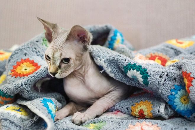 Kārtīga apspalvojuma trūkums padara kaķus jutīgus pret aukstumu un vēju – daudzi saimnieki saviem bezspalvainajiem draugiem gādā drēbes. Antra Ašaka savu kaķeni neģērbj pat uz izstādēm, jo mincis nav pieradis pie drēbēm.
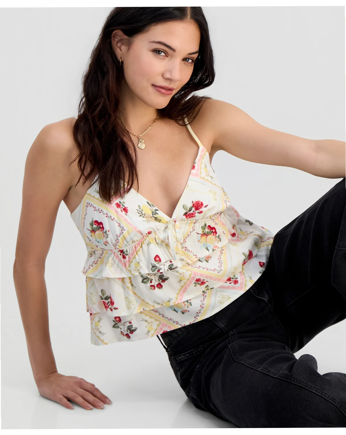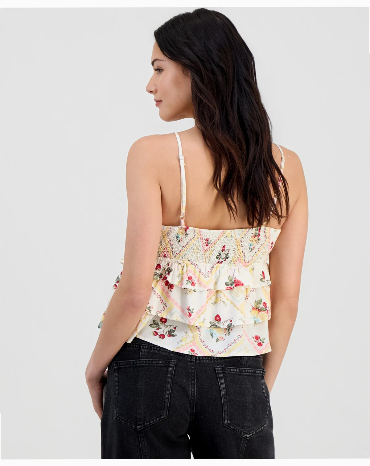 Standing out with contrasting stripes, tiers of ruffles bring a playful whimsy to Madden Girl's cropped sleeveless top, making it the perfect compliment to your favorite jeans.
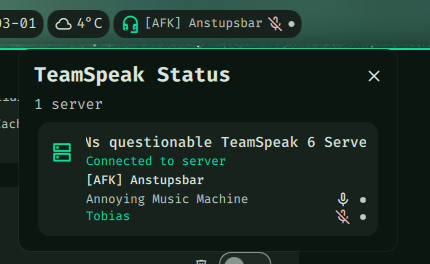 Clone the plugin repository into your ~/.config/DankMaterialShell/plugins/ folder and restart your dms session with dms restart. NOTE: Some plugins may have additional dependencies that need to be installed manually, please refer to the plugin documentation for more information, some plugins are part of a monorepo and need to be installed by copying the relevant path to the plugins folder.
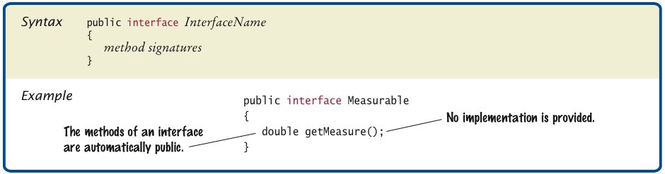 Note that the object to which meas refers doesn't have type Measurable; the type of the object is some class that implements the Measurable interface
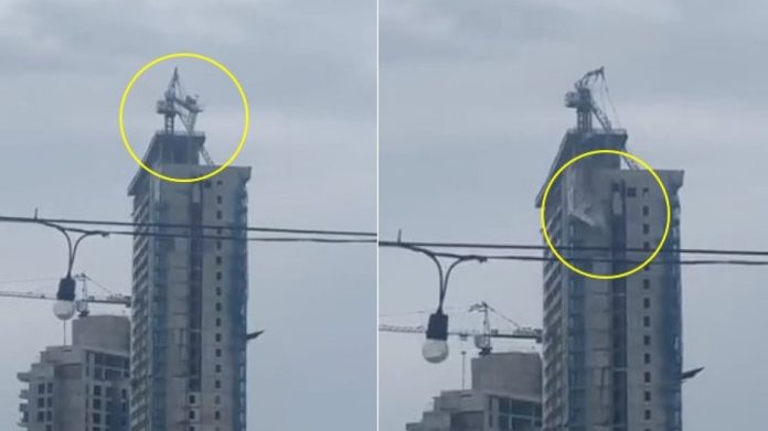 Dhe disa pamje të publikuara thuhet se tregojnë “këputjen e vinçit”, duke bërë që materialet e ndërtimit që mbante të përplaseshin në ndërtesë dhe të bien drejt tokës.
•••••
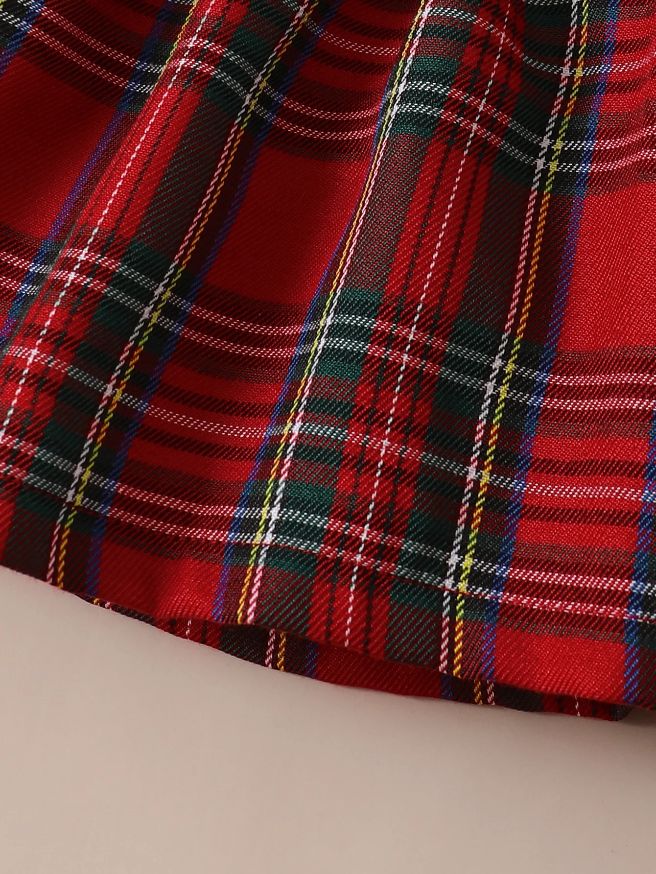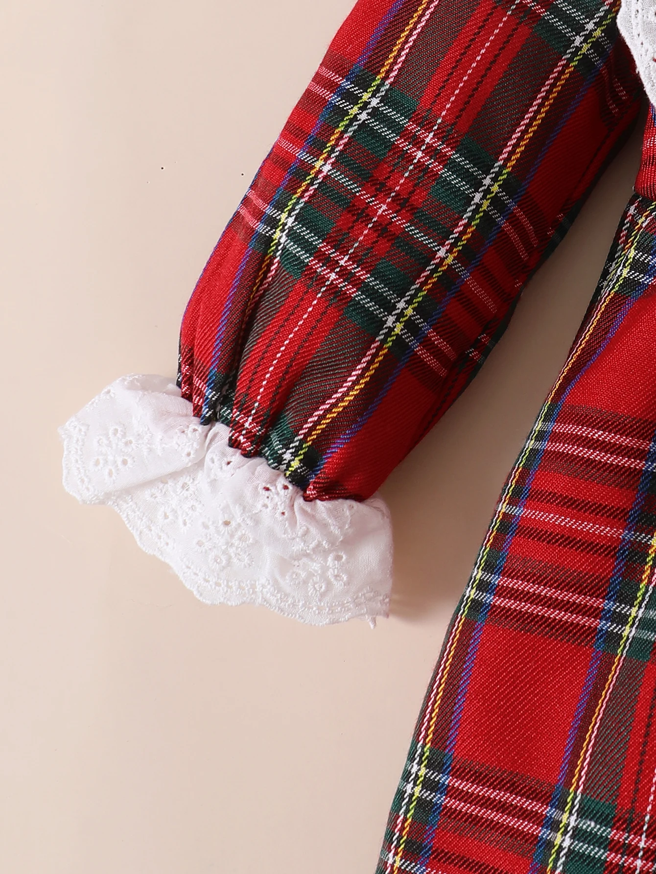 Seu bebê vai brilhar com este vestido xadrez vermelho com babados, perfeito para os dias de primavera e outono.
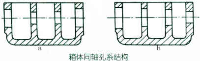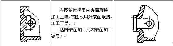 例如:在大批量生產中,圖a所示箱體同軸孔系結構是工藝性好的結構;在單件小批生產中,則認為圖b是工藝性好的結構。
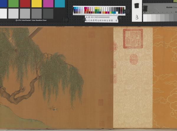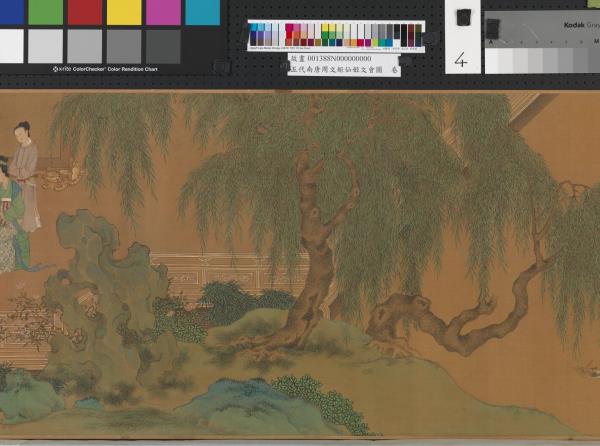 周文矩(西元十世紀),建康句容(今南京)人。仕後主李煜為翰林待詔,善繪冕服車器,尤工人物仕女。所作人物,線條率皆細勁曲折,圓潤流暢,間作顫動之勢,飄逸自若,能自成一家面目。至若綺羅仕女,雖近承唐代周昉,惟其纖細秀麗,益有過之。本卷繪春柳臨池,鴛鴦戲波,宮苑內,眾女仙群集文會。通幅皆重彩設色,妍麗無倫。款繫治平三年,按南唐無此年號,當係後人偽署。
•••••
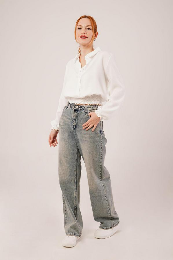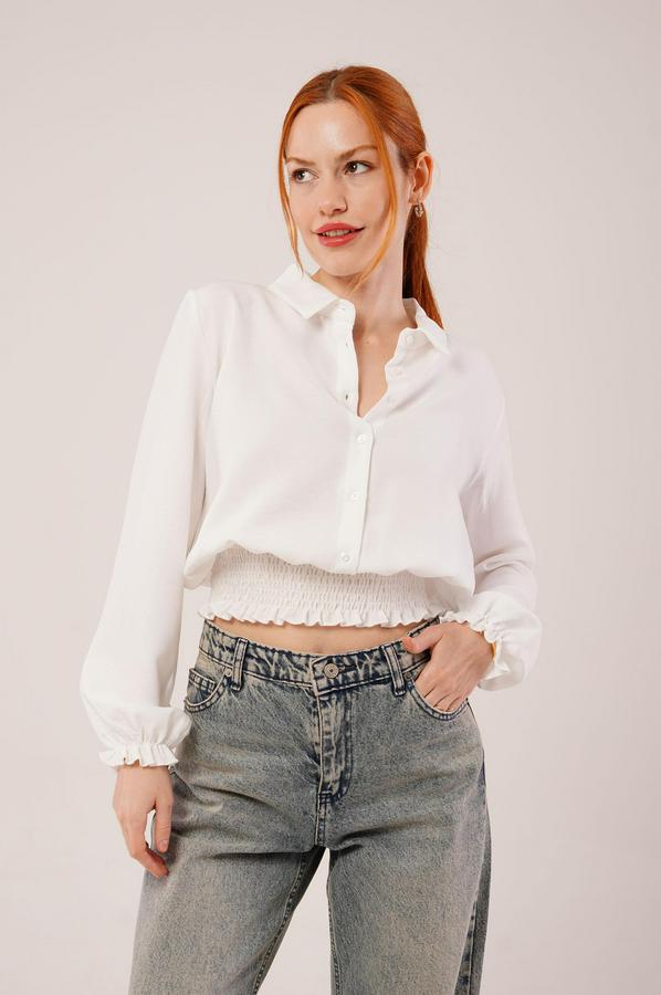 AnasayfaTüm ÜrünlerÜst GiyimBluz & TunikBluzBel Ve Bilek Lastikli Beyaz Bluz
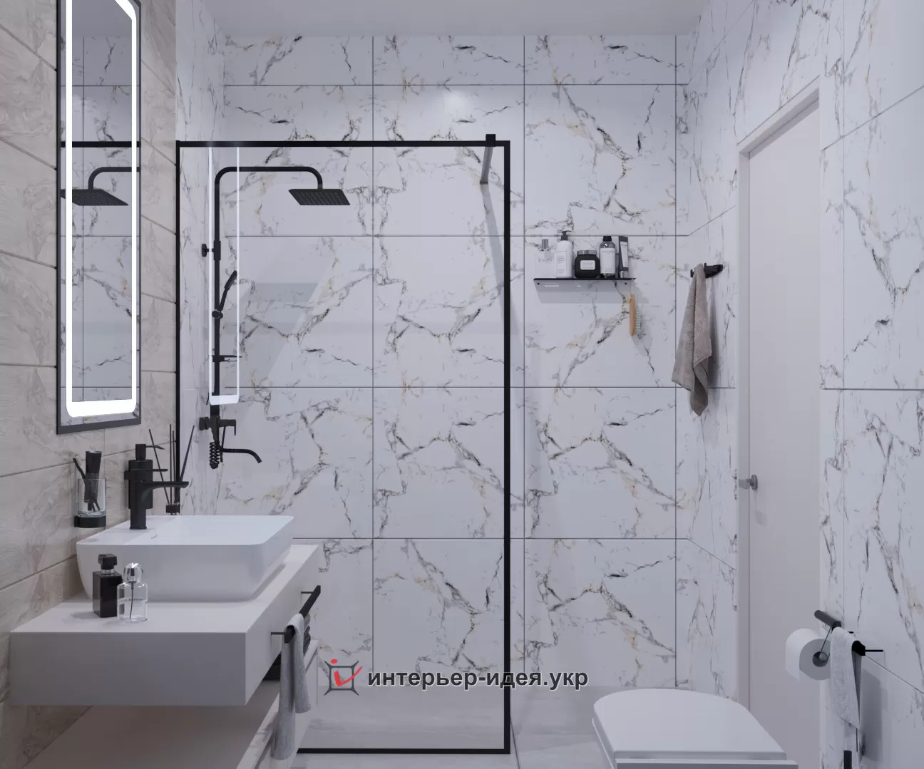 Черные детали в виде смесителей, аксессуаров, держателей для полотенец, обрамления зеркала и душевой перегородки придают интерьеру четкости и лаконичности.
•••••
What the exercise asks:
Copy out exactly the lines above beginning with the line that contains "Kārtīga apspalvojuma trūkums" and finishing with the line that contains "Dhe disa pamje", including both; leave the pictures out.

Reply:
 Kārtīga apspalvojuma trūkums padara kaķus jutīgus pret aukstumu un vēju – daudzi saimnieki saviem bezspalvainajiem draugiem gādā drēbes. Antra Ašaka savu kaķeni neģērbj pat uz izstādēm, jo mincis nav pieradis pie drēbēm.
 Standing out with contrasting stripes, tiers of ruffles bring a playful whimsy to Madden Girl's cropped sleeveless top, making it the perfect compliment to your favorite jeans.
 Clone the plugin repository into your ~/.config/DankMaterialShell/plugins/ folder and restart your dms session with dms restart. NOTE: Some plugins may have additional dependencies that need to be installed manually, please refer to the plugin documentation for more information, some plugins are part of a monorepo and need to be installed by copying the relevant path to the plugins folder.
 Note that the object to which meas refers doesn't have type Measurable; the type of the object is some class that implements the Measurable interface
 Dhe disa pamje të publikuara thuhet se tregojnë “këputjen e vinçit”, duke bërë që materialet e ndërtimit që mbante të përplaseshin në ndërtesë dhe të bien drejt tokës.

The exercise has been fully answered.